__PROMPT__
Each line of the listing below must be retyped exactly, with images left out.

__GIVEN MATERIAL__
--- START ---

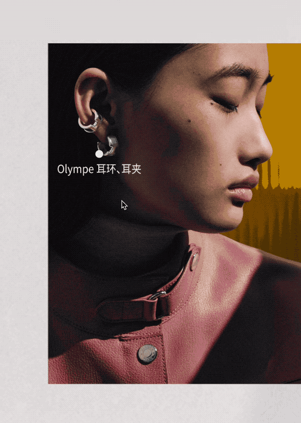 推耳环那篇太会了!顶层做镂空浮层,底层模特图滑动时是非等宽效果,点图还能跳购买链接~E2「底层滑动」+「等分容器滑动」就能实现,既显质感又有互动感!
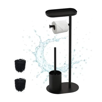 Amazon3 in 1: Practical combination of toilet paper holder, toilet brush and shelf for smartphones, etc. Design: Black toilet paper holder made of durable metal – complements various bathroom styles Hygienic: Removable brush holder for easy cleaning - includes 2 replacement brush heads Stable: Toilet set with heavy base for secure stand - foam protector to prevent scratches Details: Dimensions HxWxD: 65 x 23 x 17 cm - Brush head HxD: 9 x 8 cm - D thread: 1.1 cm
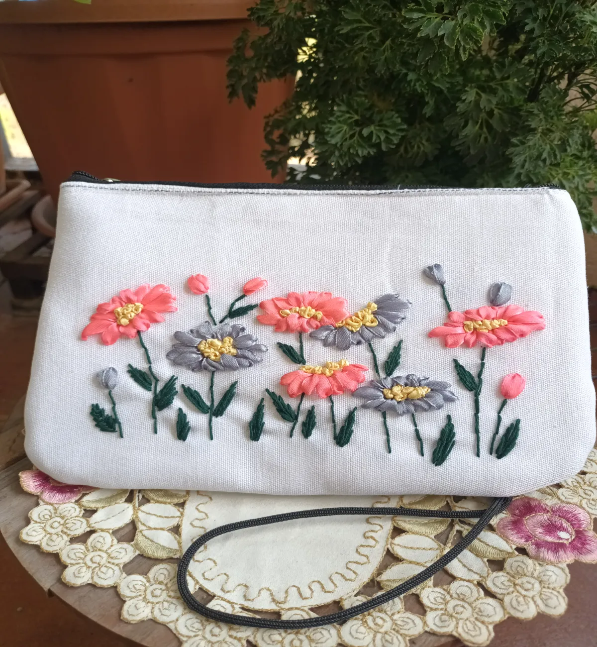 This mini sling purse with ribbon embroidered flowers is ideal for your casual wear. It has a long black sling for easy carrying across the body. It is big enough to accommodate your mobile and other personal belongings. It also has a zipper inside for your keys or loose change.

--- END ---

__TASK ANSWER__
 推耳环那篇太会了!顶层做镂空浮层,底层模特图滑动时是非等宽效果,点图还能跳购买链接~E2「底层滑动」+「等分容器滑动」就能实现,既显质感又有互动感!
 Amazon3 in 1: Practical combination of toilet paper holder, toilet brush and shelf for smartphones, etc. Design: Black toilet paper holder made of durable metal – complements various bathroom styles Hygienic: Removable brush holder for easy cleaning - includes 2 replacement brush heads Stable: Toilet set with heavy base for secure stand - foam protector to prevent scratches Details: Dimensions HxWxD: 65 x 23 x 17 cm - Brush head HxD: 9 x 8 cm - D thread: 1.1 cm
 This mini sling purse with ribbon embroidered flowers is ideal for your casual wear. It has a long black sling for easy carrying across the body. It is big enough to accommodate your mobile and other personal belongings. It also has a zipper inside for your keys or loose change.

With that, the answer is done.